* Problem statement
Pictures in the data should be dropped; transcribe exactly the lines from the one that has "Pre-owned Asymmetric Strap" through the one that has "These articles highlight".

*** Input records ***

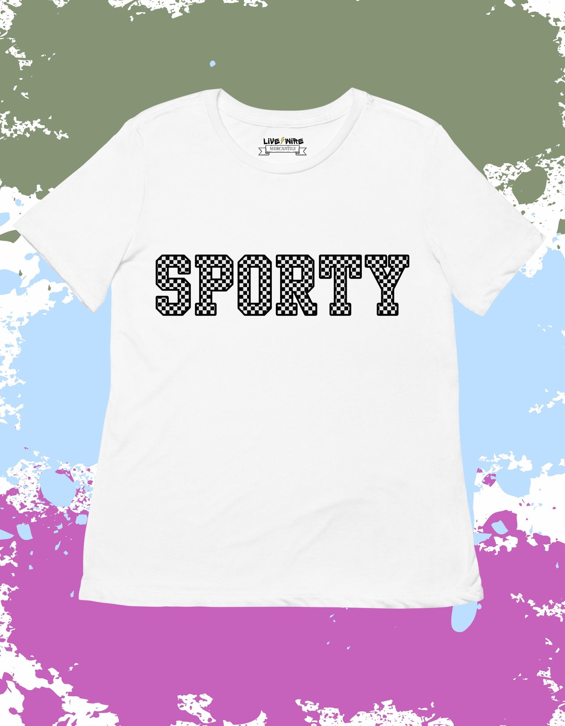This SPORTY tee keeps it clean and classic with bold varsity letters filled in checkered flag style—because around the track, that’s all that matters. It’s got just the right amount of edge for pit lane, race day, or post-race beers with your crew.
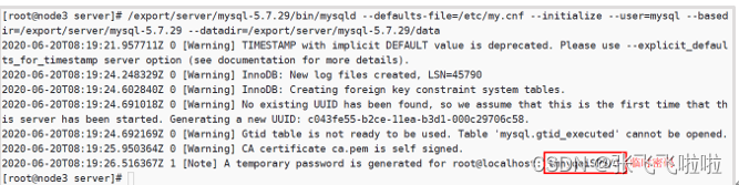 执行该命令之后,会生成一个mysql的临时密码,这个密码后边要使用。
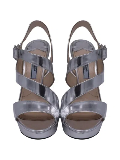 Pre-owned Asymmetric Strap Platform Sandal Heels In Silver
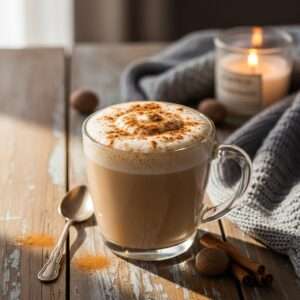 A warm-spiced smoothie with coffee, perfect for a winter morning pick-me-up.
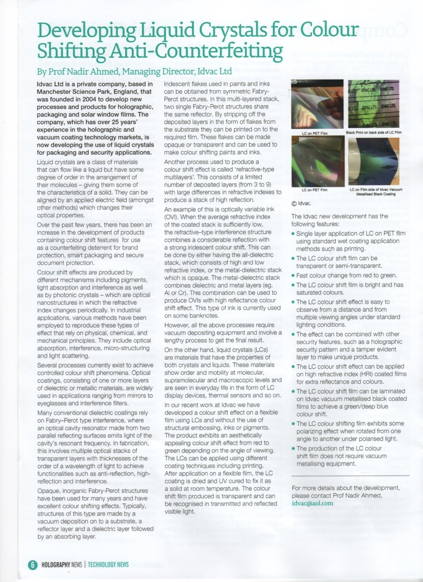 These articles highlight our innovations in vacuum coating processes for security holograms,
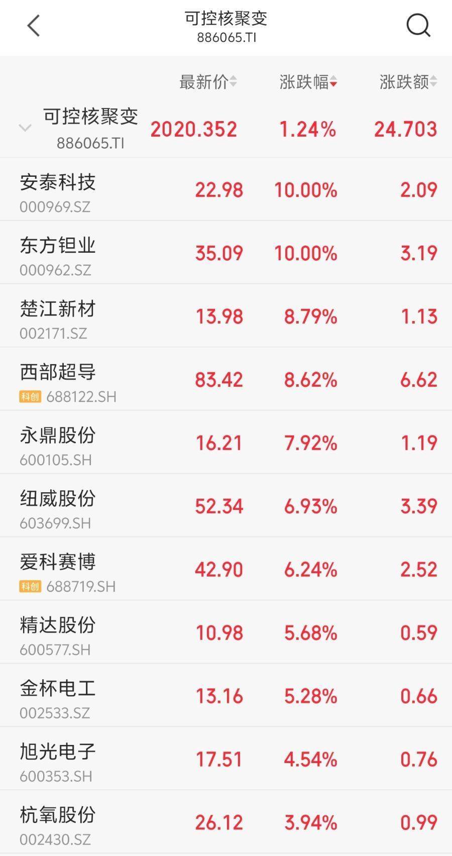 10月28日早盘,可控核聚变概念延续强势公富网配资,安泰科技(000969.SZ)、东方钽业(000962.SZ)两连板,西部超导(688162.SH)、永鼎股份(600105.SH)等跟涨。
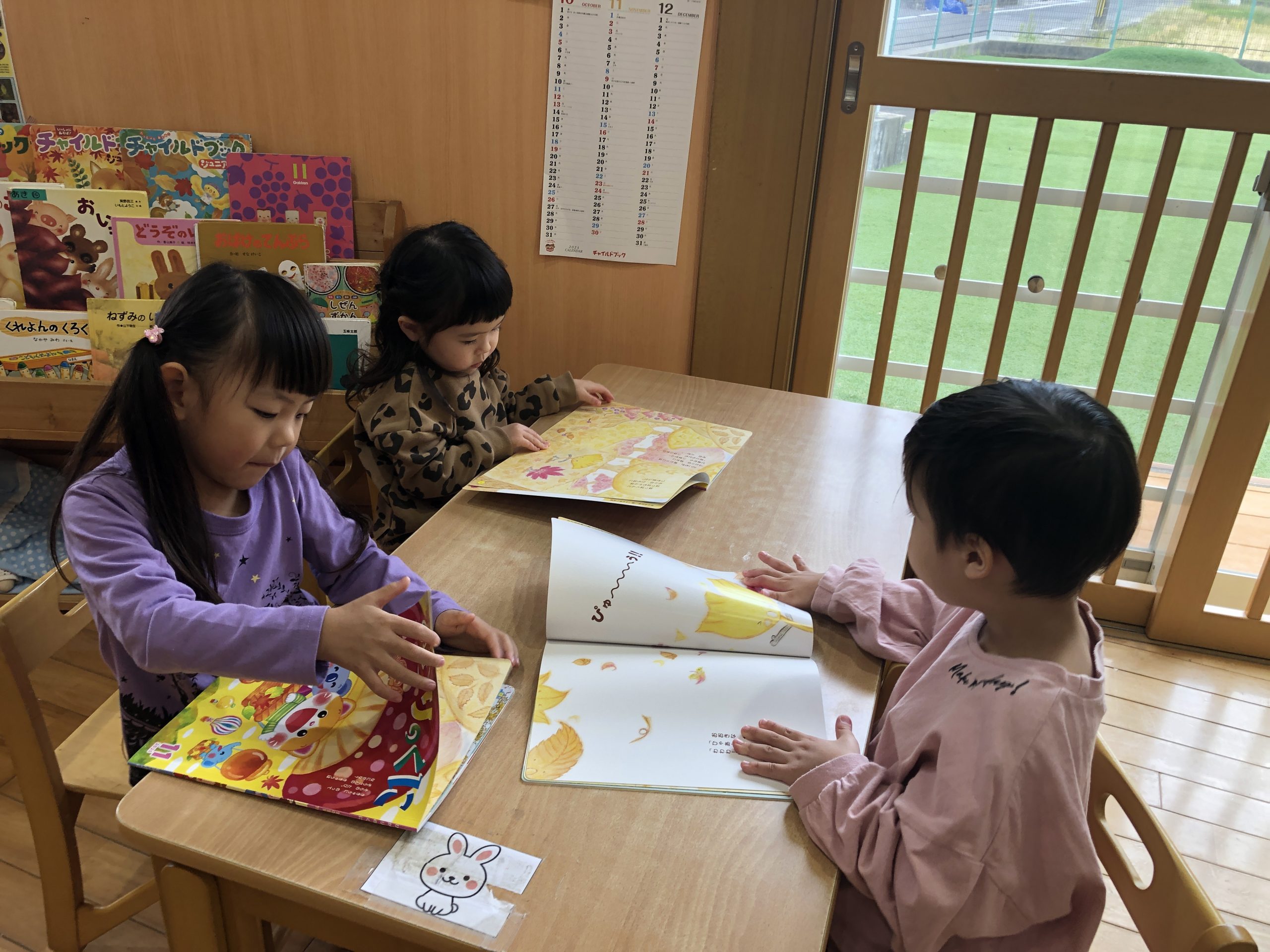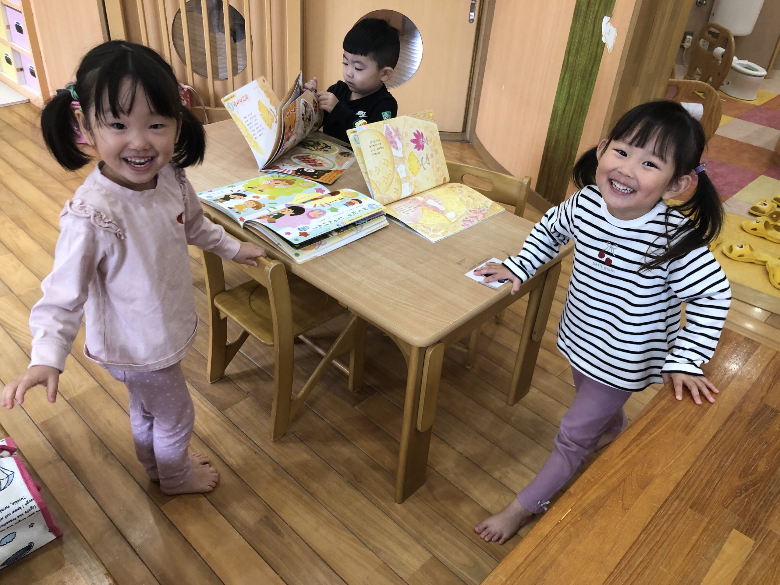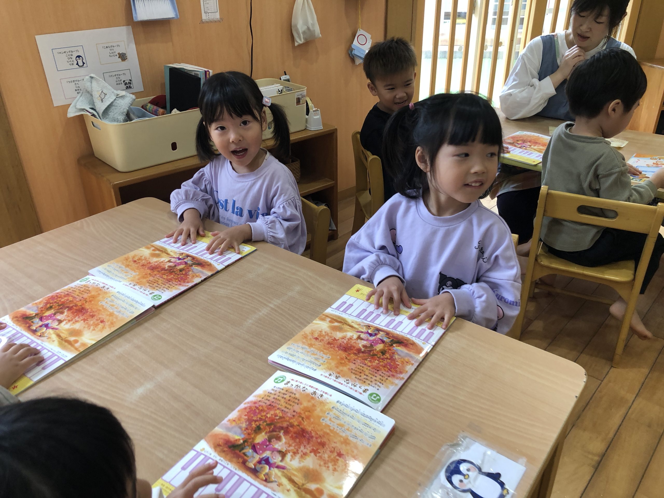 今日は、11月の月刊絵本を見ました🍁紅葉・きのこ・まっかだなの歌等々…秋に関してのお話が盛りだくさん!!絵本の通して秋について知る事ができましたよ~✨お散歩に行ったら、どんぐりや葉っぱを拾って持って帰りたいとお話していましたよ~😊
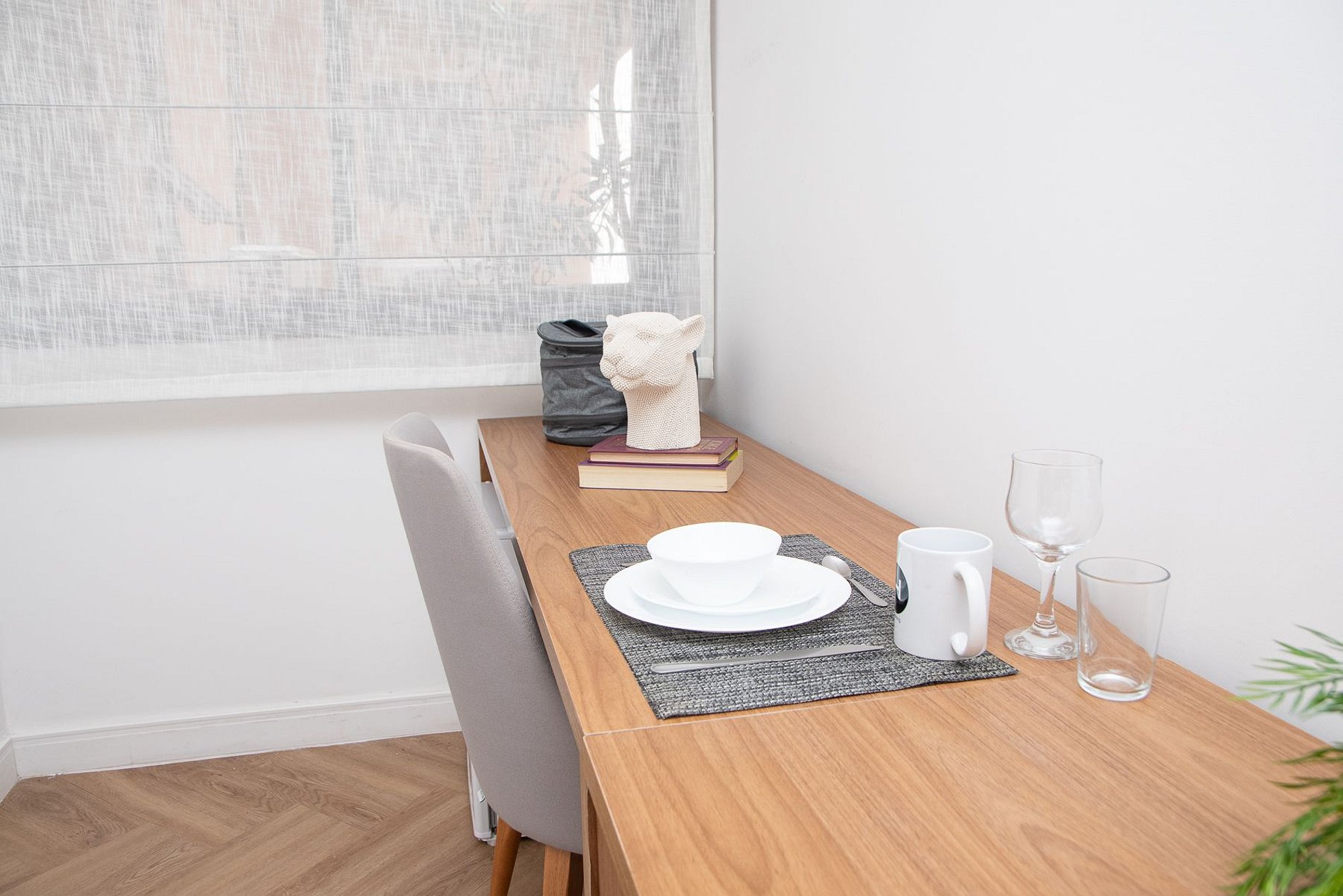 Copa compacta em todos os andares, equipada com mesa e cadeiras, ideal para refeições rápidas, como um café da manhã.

*** End of Input records ***

* Output of the exercise
 Pre-owned Asymmetric Strap Platform Sandal Heels In Silver
 A warm-spiced smoothie with coffee, perfect for a winter morning pick-me-up.
 These articles highlight our innovations in vacuum coating processes for security holograms,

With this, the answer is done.